Short answer: the KV cache reuse that ships in production today is, in every case, prefix reuse. It is a contiguous run starting at token 0. vLLM’s Automatic Prefix Caching, SGLang’s RadixAttention, and the OpenAI / Anthropic / Gemini prompt caches all reuse a prefix and only a prefix. The moment your context changes at position N, everything from N onward is invalidated and recomputed. That is an enormous, real win, and it is the part of “addressable” that is already saturated.

The part nobody ships is the other direction: reaching into a kept sequence, removing one span (a poisoned tool result, an expired secret), and leaving the cache bit-for-bit identical to a run that never saw it. fak does that. It owns the KV cache as a plain kernel data structure rather than renting it from a serving engine. This page is careful about which claims are which. The loose version, “no one can address a KV span,” is simply false, and the precise version is the interesting one.

First, the word “addressable” is doing four jobs

People use “addressable cache” to mean four different things. Keeping them apart is the whole game:

  1. Prefix-addressed. You can reuse the longest cached run starting at token 0. This is what every production engine ships. The address is “how many leading tokens match.” It is append-only: you can extend a prefix and reuse more of it, but you cannot point at the middle.

  2. Span-addressed. You can name an interior span [i, j) and operate on it (evict it, isolate it) and have the rest of the cache stay correct. This is the one production engines do not expose as a clean, exact operation.

  3. Content-addressed. A piece of state is named by the hash of its bytes, so its identity is its content (a tool result is a Ref into a CAS blob store). This is the semantic layer — it works across models and sessions, because a hash doesn’t care which transformer produced the bytes.

  4. Queryable-context. A user or agent asks for a working set (“the API inventory plus the Qwen pages, exclude stale release notes”). The system materializes it under a budget and a policy, with a verdict per piece (HIT / FAULT / RECOMPUTE / REFUSE / ABSTAIN). The prompt becomes one render of a queryable memory image, rather than the memory itself.

Production has #1 solved and commoditized. fak’s contribution is #2 (exactly, and as a security primitive), #3 (as the cross-model unit of reuse), and an early, honestly-bounded version of #4.

Why production reuse is always a prefix (the mechanism)

This is not a limitation anyone chose; it falls out of how a decoder transformer works. Attention is causal: token i’s key and value vectors depend only on tokens 0..i. Once token 5 is processed, its K/V is fixed. It cannot depend on anything that comes later.

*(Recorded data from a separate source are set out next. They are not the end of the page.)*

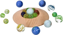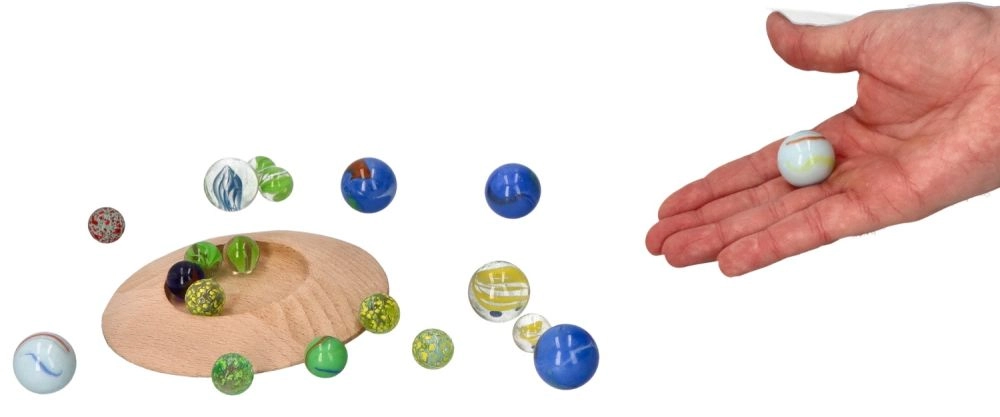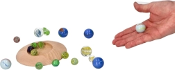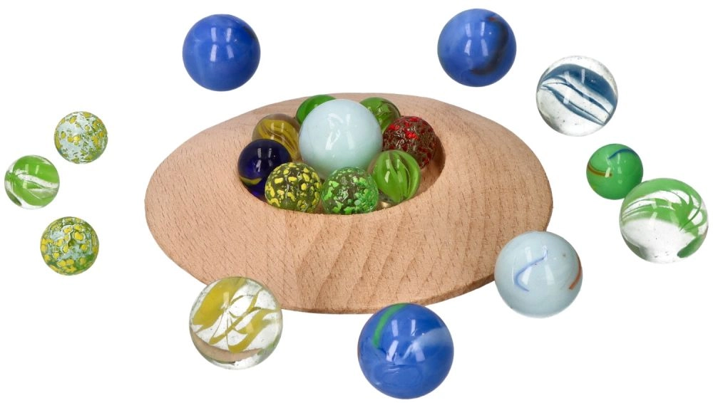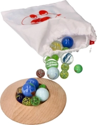 Komplektā ir 31 dažādu krāsu un izmēru stikla bumbiņa daudzveidīgai spēlei.
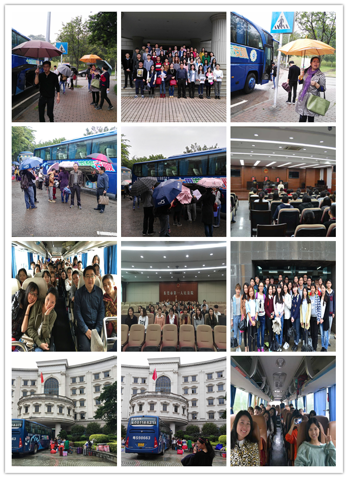 一饭堂宿舍区各自带领2012级法学专业毕业生和2014级法学卓越班分乘5辆大巴车将学生统一送至东莞市中级人民法院、东莞市第一人民法院、东莞市第二人民法院、东莞市第三人民法院、广东众达律师事务所等集中实习单位并与实之进行交接。另外,为对集中实习的学生进行有效管理,政法91热爆
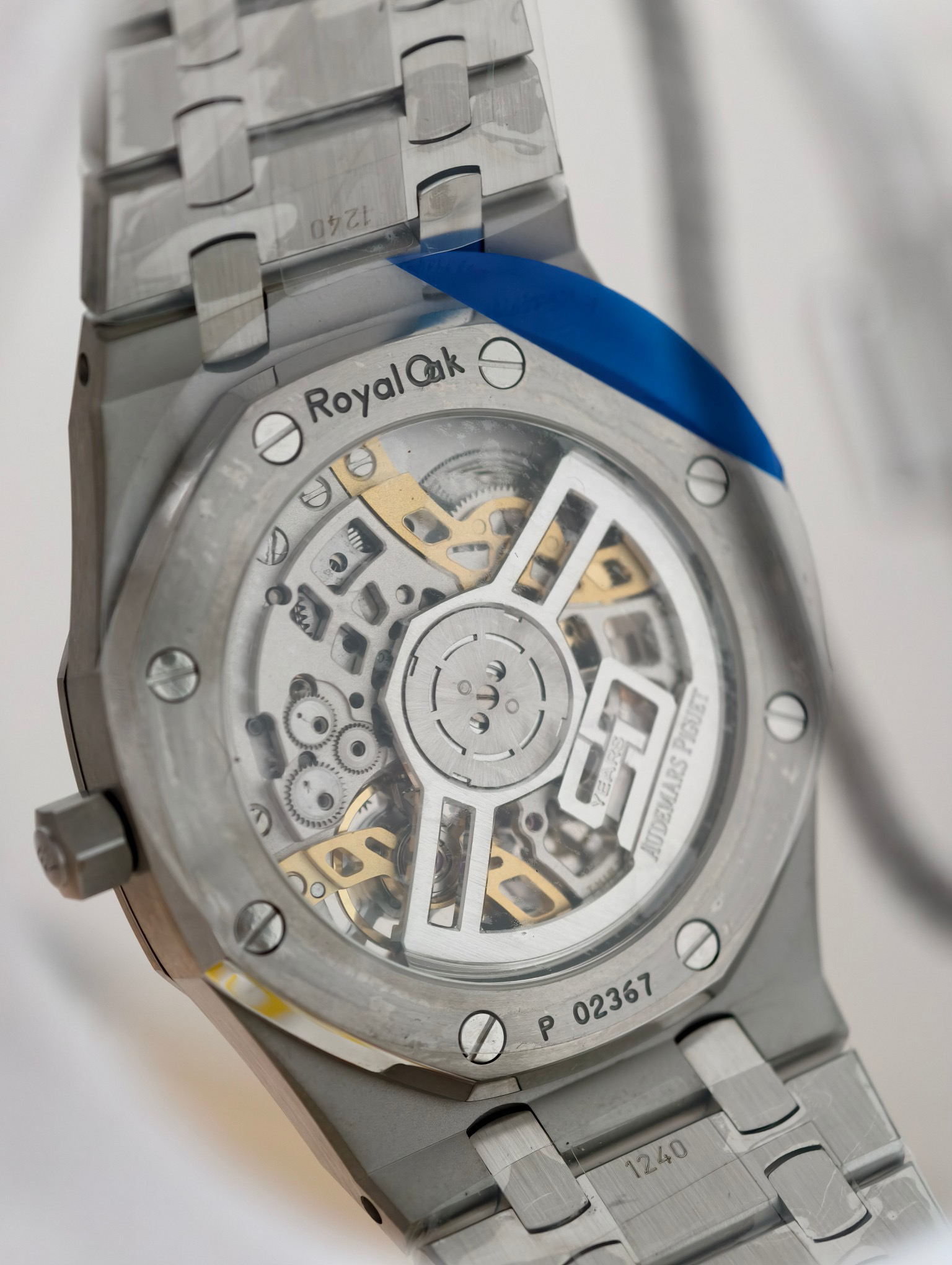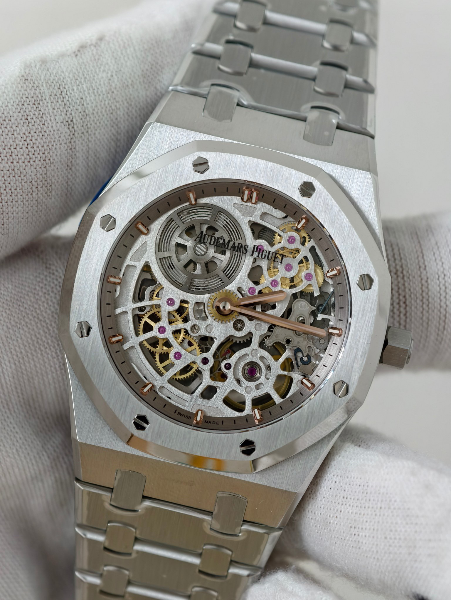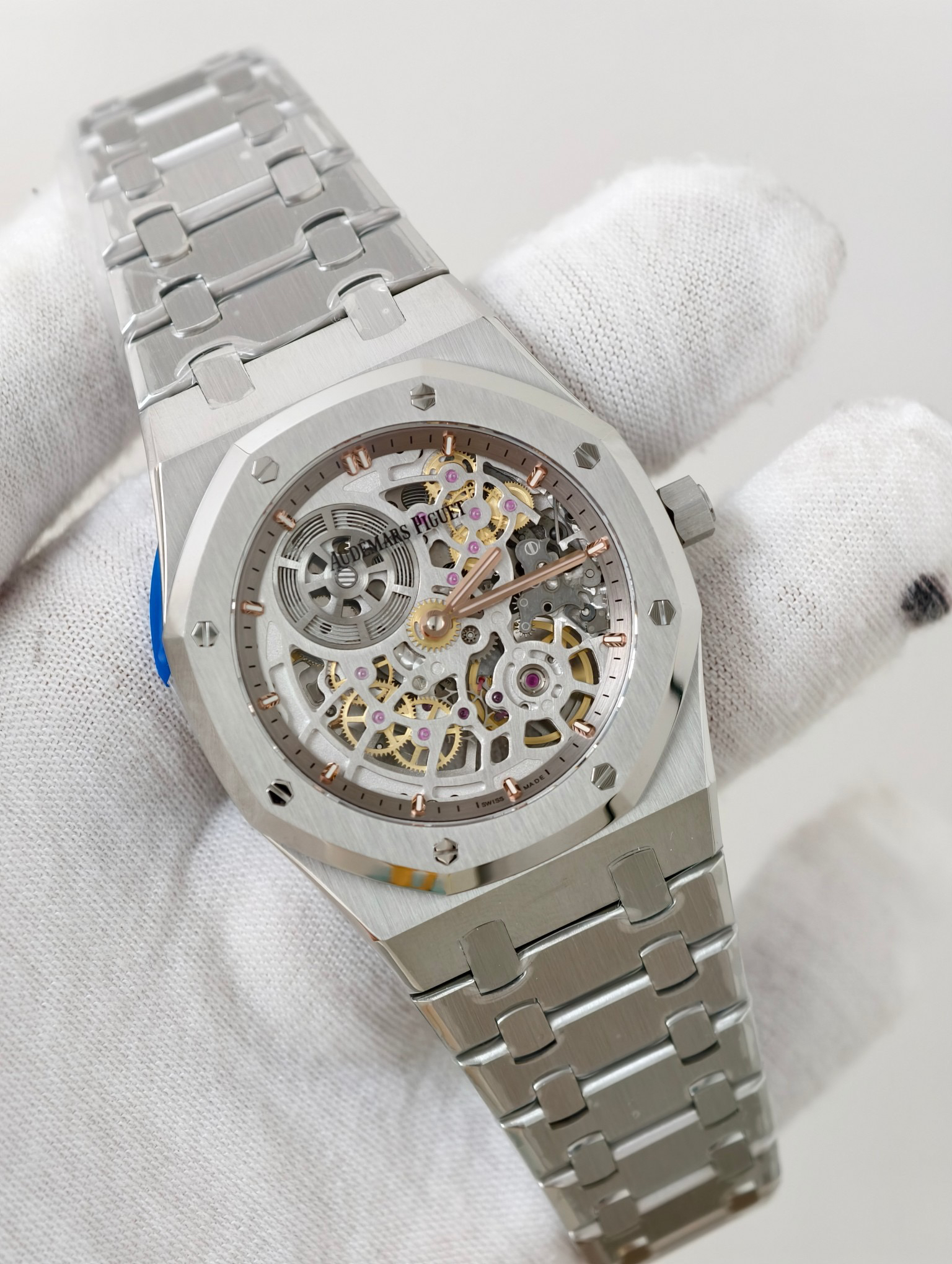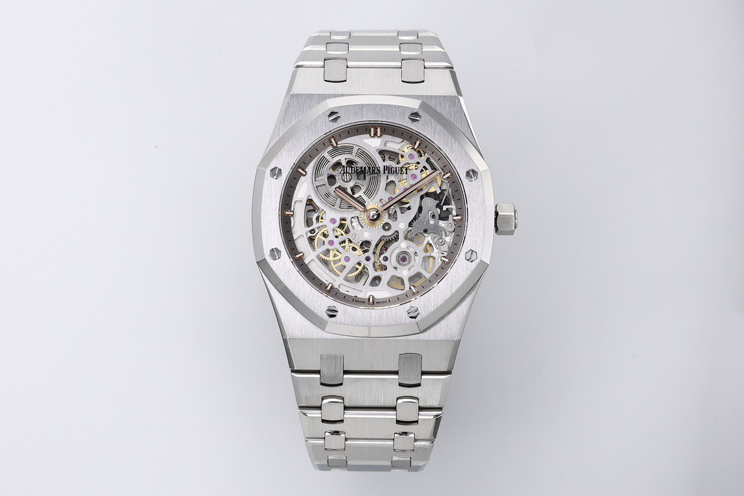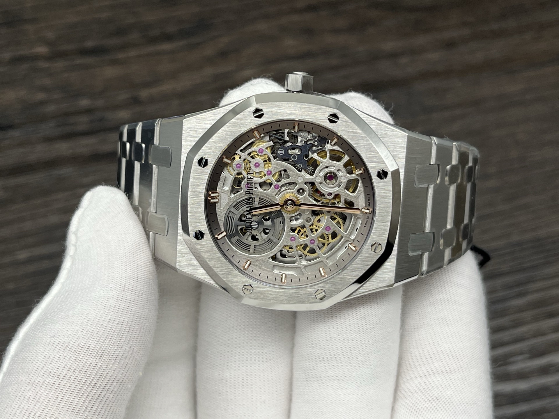 The highly recognizable octagonal 39MM case adopts advanced CNC machining technology to preliminarily cut and shape the stainless steel raw materials, and then uses exquisite wire drawing technology and forging surface polishing treatment to perfectly interweave on the case, presenting a unique luster and texture. The watch strap links are also produced through multiple complex polishing processes, making the surface of the links delicate, tightly connected, and flexible. Ensure comfort and fit when wearing. The AP logo on the watch buckle is finely carved, with clear lines and a three-dimensional steel structure. On the side of the case, the lugs naturally connect with the strap, creating a smooth transition and showcasing a harmonious beauty that is seamlessly integrated!
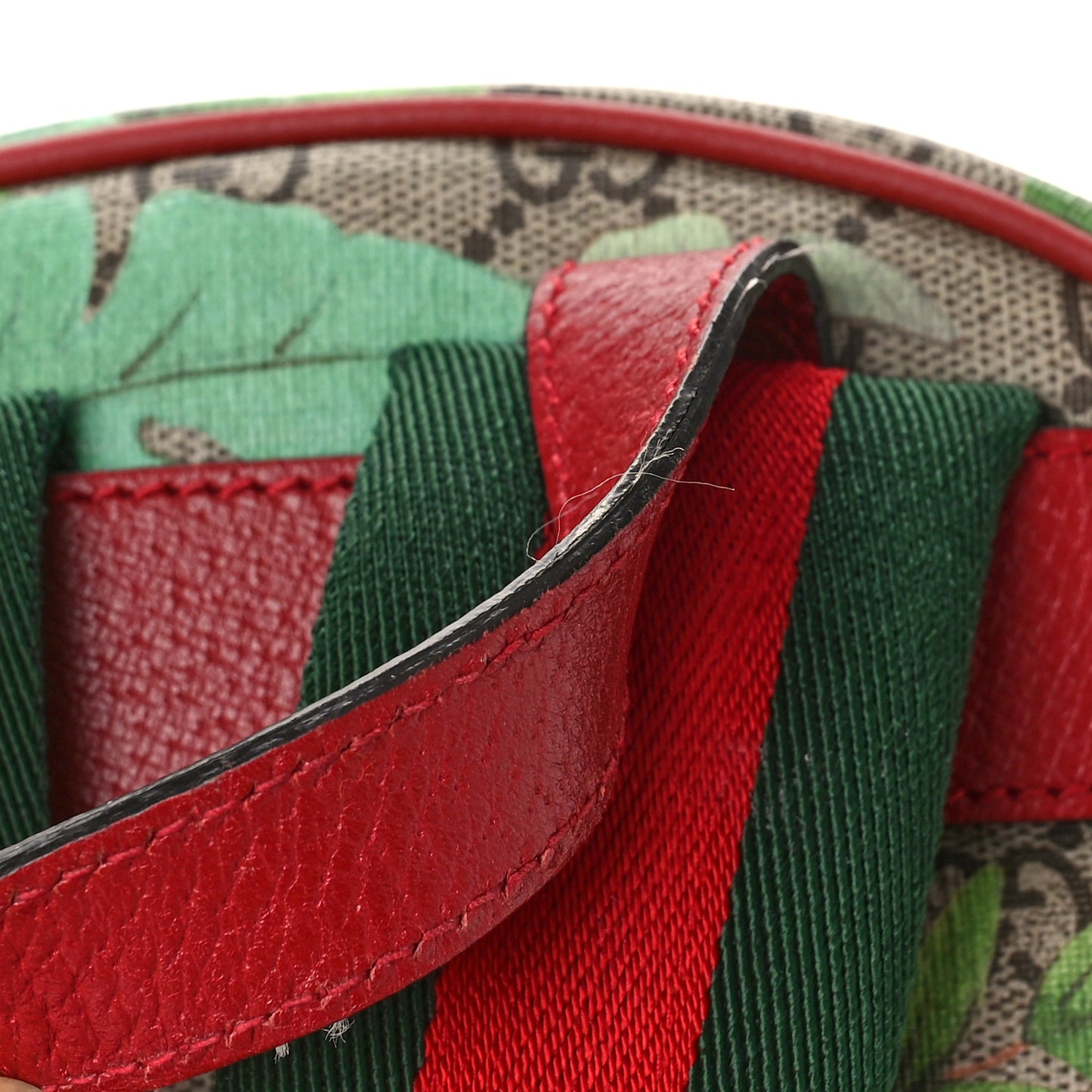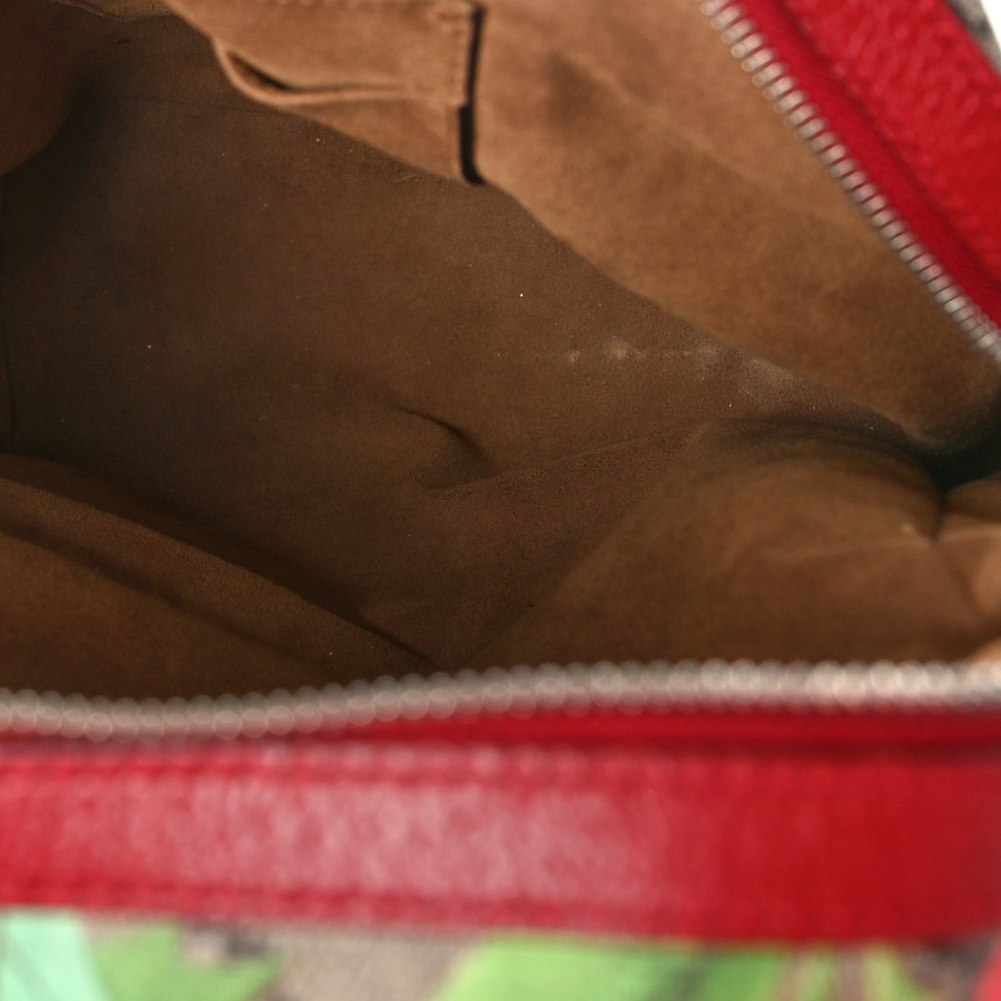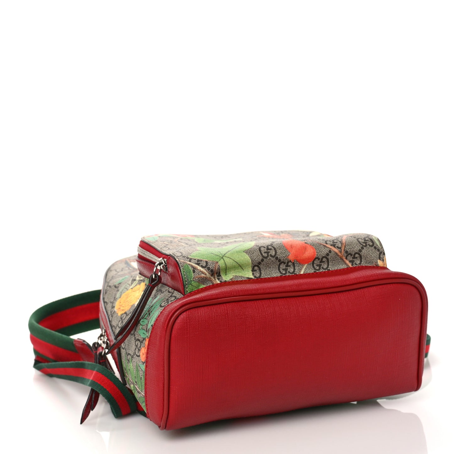 This is an authentic GUCCI GG Supreme Monogram Tian Web Small Day Backpack in Beige, Multicolor and Red. This stylish backpack is crafted with Gucci GG monogram coated canvas with a floral and hummingbird print overlay. The bag features a front zipper pocket, red leather trim, a top handle, and adjustable red and green web stripe nylon shoulder straps with aged silver hardware. The wrap-around zippers open to a spacious brown microfiber interior with zipper and patch pockets.Follow this item for alerts. Gucci is a registered trademark of Gucci. FASHIONPHILE is not affiliated with Gucci.
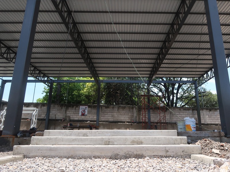 Al momento, esta área deportiva cuenta con un avance del 80 por ciento, lo que incluye el desmontaje de techumbre de lámina que será sustituida por una nueva demolición de piso para el mejoramiento del material con tepetate; así como la construcción de guarniciones y delimitación de andadores, remodelación de fachada principal y aplicación de acabados.
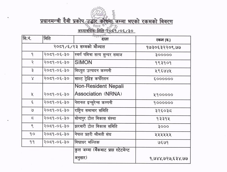 प्रधानमन्त्री तथा मन्त्रिपरिषद् कार्यालयले सार्वजनिक गरेको विवरणअनुसार कोषमा दाखिला भएको सो रकम हिजो असोज ३० गतेसम्मको हो ।
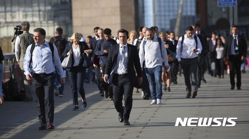 【런던=AP/뉴시스】영국 런던 브리지에서 5일(현지시간) 출근길의 시민들이 오가고 있다. 3일 밤 런던브리지와 인근 보로마켓에서 차량 및 흉기 테러가 발생해 많은 사상자가 초래됐다. 2017.06.05
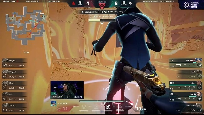 第十一局:G2默认拿到信息后选择打B点,AG放点回防成功架住G2中和B大多人,AG拿下一分!
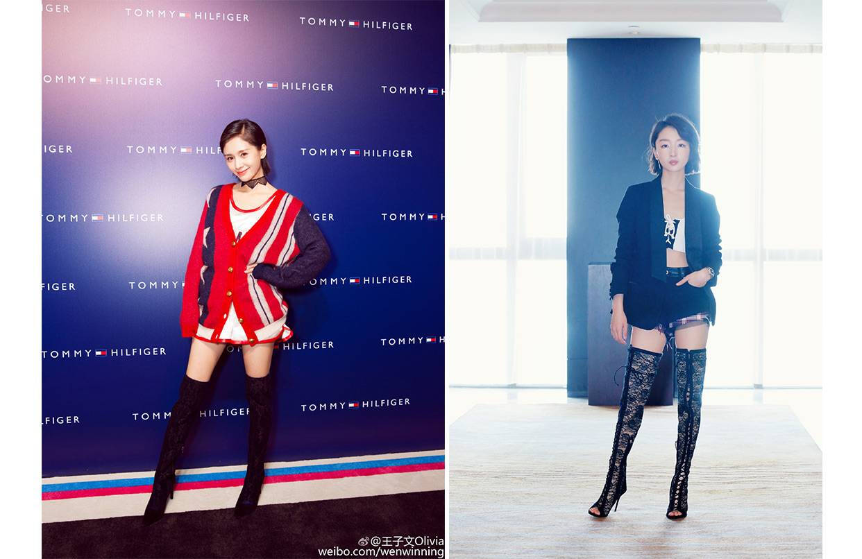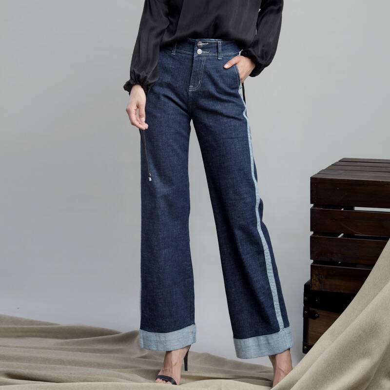 ICY双色拼接单宁阔腿裤2017春季新款女装潮 修身高腰撞色长裤 牛仔蓝 27
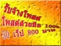 รับจ้างโพส โพสด้วยมือ 100% สูงสุด 50 เว็ป/ วัน เพียง 800 ฿
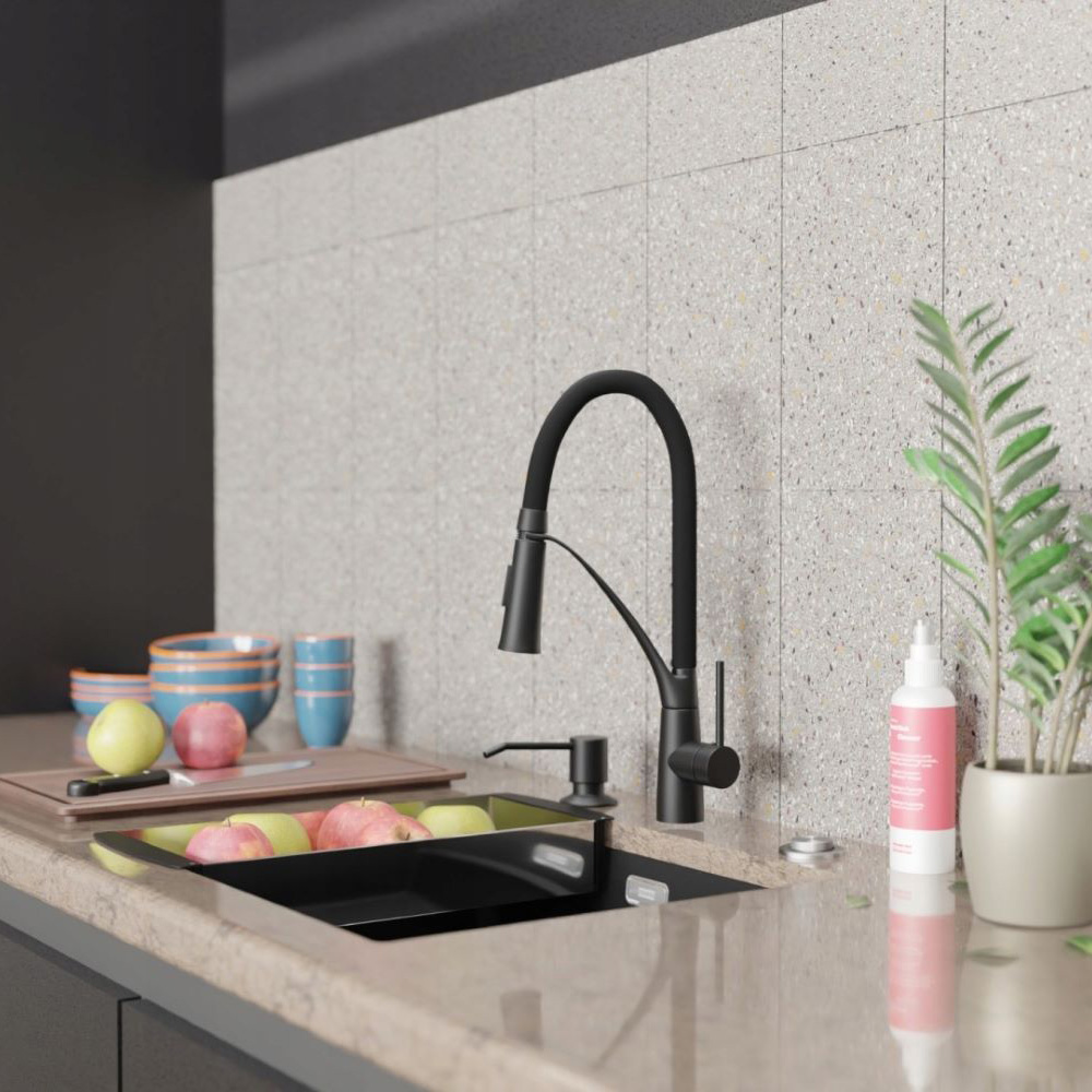 ● Bateria kuchenna NEXO to połączenie nowoczesnego designu i funkcjonalności, idealnie komponujące się z każdą kuchnią. Wykonana z wysokiej jakości mosiądzu, zapewnia trwałość i odporność na korozję. Dwufunkcyjna słuchawka pozwala na łatwe przełączanie między strumieniem standardowym a prysznicowym, dostosowując się do różnych potrzeb użytkownika.

So if two requests share an identical token prefix, the K/V for that prefix is bit-for-bit identical between them, and you can splice in the cached copy and prefill only the suffix. (fak proves exactly this. TestKVPrefixReuseMatchesRecompute checks that prefix reuse matches a full recompute to max|Δ| = 0 with identical argmax. That holds given a fixed model and tokenizer at the same precision, serializer, and position scheme.)

The flip side is the trap. Every token’s K/V also encodes its position (via RoPE or absolute embeddings) and, at deeper layers, what it attended to. So you cannot just lift a span out of the middle of one sequence and drop it into another. At layer 1 a token’s K/V is mostly its embedding and position; by deeper layers it has already mixed in everything before it. Change the preceding context and the same surface tokens get different K/V.

That is why arbitrary mid-sequence KV reuse is not exact. It is also why “addressable as in mix-and-match KV lego bricks” stays fragile. The research community (CacheBlend, MiniPIC, SparseX, CacheSlide) is still chipping at it with corrective tricks. Those include position repair and selective recompute, plus quality probes and a fallback to exact recompute. It is real work, but it buys a fault budget rather than a clean primitive, and none of it has shipped in a production serving stack. fak does not claim to have solved it either. Non-prefix splice is an audited research item with explicit kill criteria; it is not yet a feature.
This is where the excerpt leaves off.